§ TASK TO COMPLETE
A verbatim copy is needed of the lines below from the one containing "金曲天天唱最新手机版,可随时" up to and including the one containing "ExaWizards and Dirbato", excluding pictures.

§ SUPPLIED DATA
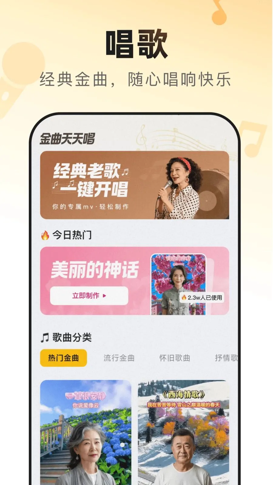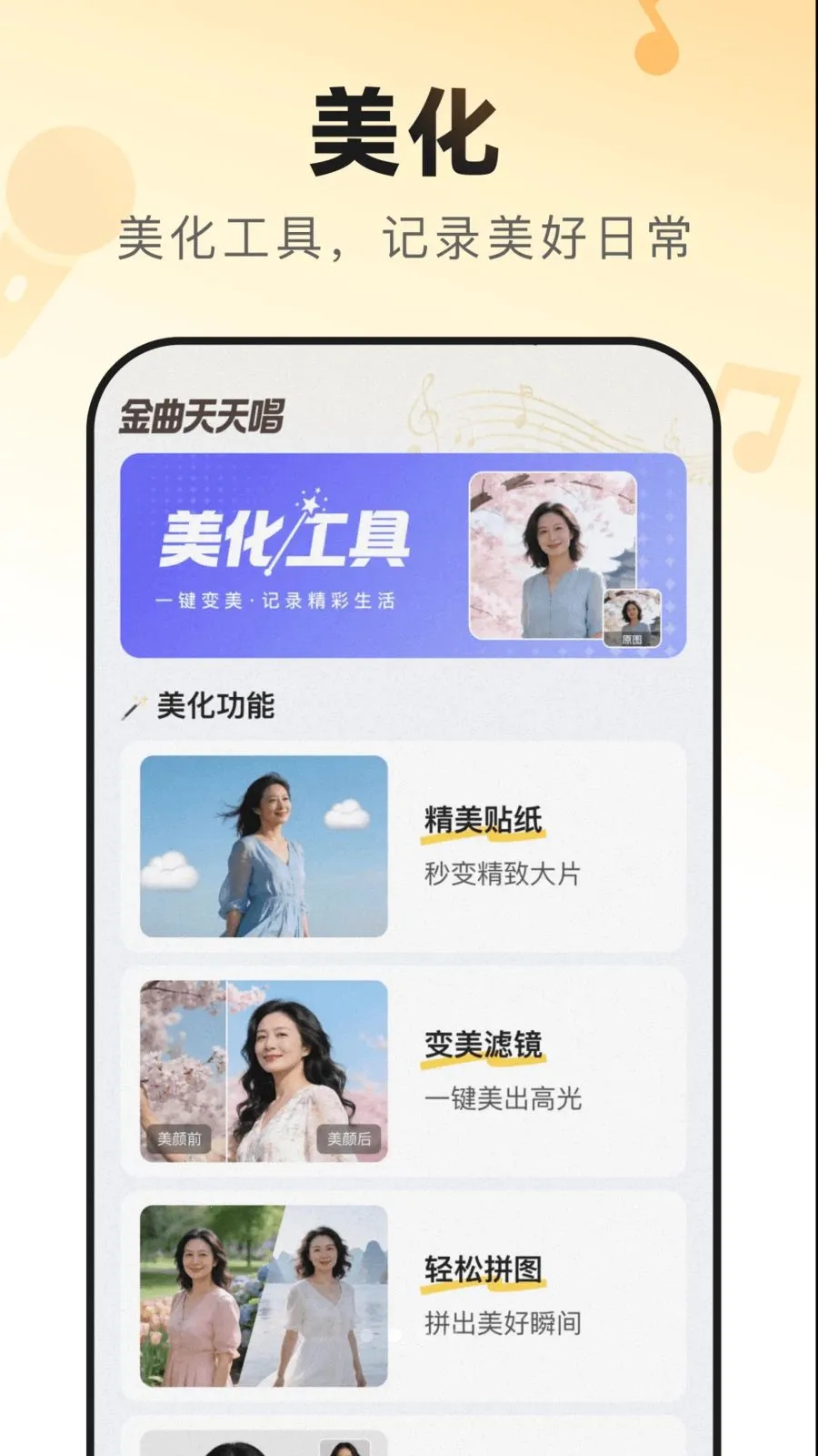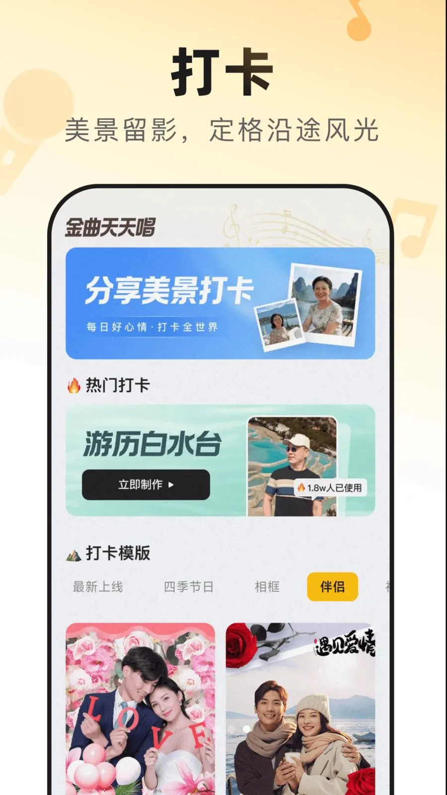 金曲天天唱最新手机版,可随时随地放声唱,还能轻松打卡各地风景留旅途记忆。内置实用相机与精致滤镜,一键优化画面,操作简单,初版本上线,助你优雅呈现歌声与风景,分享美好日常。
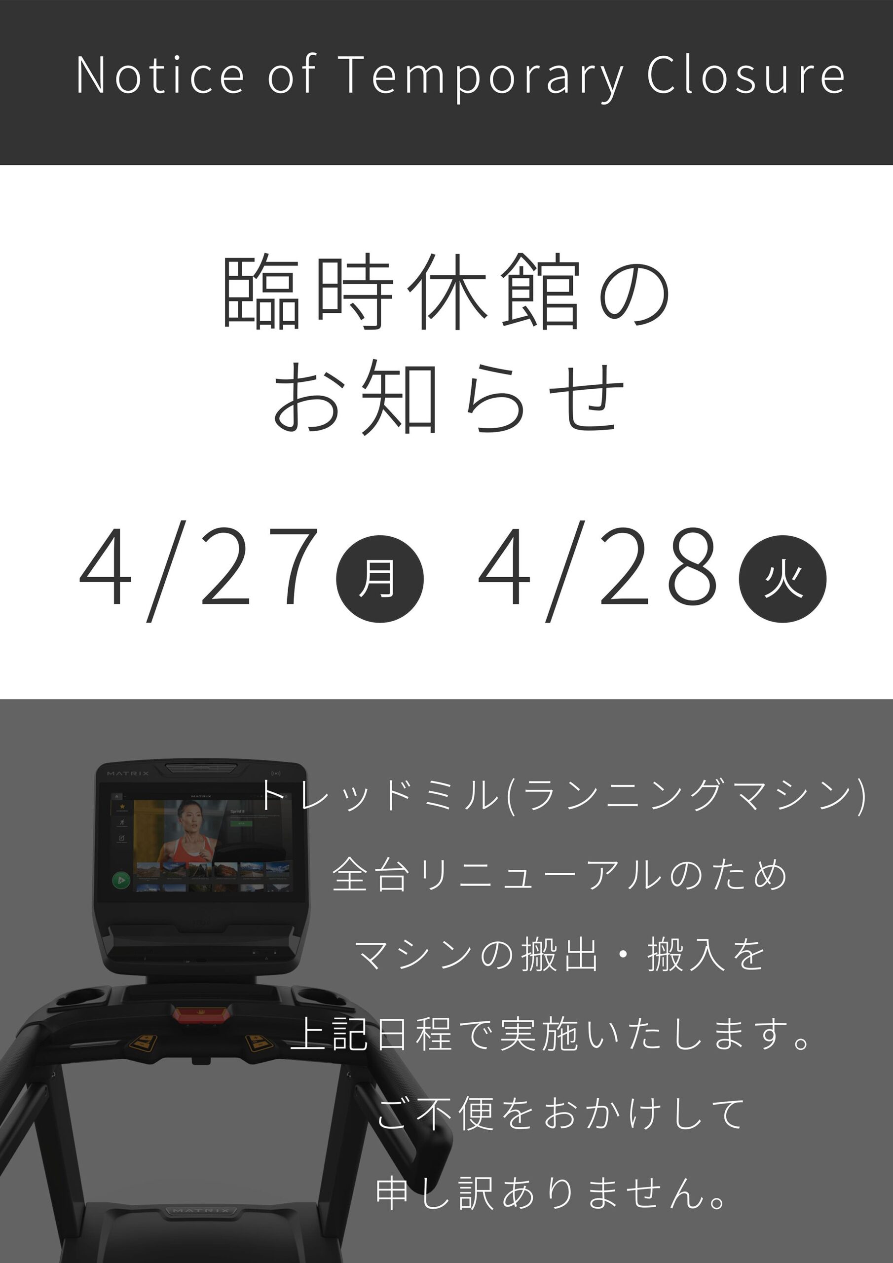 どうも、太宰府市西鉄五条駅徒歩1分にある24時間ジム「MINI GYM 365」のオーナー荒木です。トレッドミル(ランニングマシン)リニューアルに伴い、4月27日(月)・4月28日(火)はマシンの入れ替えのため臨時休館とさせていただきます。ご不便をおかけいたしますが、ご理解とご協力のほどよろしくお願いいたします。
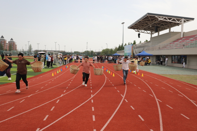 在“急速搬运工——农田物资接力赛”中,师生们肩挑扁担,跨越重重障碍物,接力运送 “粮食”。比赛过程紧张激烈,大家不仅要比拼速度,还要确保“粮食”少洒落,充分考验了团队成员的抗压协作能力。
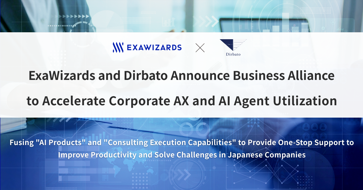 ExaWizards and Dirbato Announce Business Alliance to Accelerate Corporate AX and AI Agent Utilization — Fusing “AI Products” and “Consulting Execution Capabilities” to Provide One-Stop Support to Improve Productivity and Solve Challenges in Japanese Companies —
---
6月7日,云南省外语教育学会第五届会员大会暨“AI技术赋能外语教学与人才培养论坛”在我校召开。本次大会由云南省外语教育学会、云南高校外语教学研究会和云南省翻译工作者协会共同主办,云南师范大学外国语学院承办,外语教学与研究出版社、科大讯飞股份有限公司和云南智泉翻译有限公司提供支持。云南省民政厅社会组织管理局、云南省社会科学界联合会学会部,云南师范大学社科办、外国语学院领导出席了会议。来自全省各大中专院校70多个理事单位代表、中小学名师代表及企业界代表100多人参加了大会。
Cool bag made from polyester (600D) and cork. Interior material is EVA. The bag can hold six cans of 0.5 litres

§ YOUR RESPONSE
 金曲天天唱最新手机版,可随时随地放声唱,还能轻松打卡各地风景留旅途记忆。内置实用相机与精致滤镜,一键优化画面,操作简单,初版本上线,助你优雅呈现歌声与风景,分享美好日常。
 どうも、太宰府市西鉄五条駅徒歩1分にある24時間ジム「MINI GYM 365」のオーナー荒木です。トレッドミル(ランニングマシン)リニューアルに伴い、4月27日(月)・4月28日(火)はマシンの入れ替えのため臨時休館とさせていただきます。ご不便をおかけいたしますが、ご理解とご協力のほどよろしくお願いいたします。
 在“急速搬运工——农田物资接力赛”中,师生们肩挑扁担,跨越重重障碍物,接力运送 “粮食”。比赛过程紧张激烈,大家不仅要比拼速度,还要确保“粮食”少洒落,充分考验了团队成员的抗压协作能力。
 ExaWizards and Dirbato Announce Business Alliance to Accelerate Corporate AX and AI Agent Utilization — Fusing “AI Products” and “Consulting Execution Capabilities” to Provide One-Stop Support to Improve Productivity and Solve Challenges in Japanese Companies —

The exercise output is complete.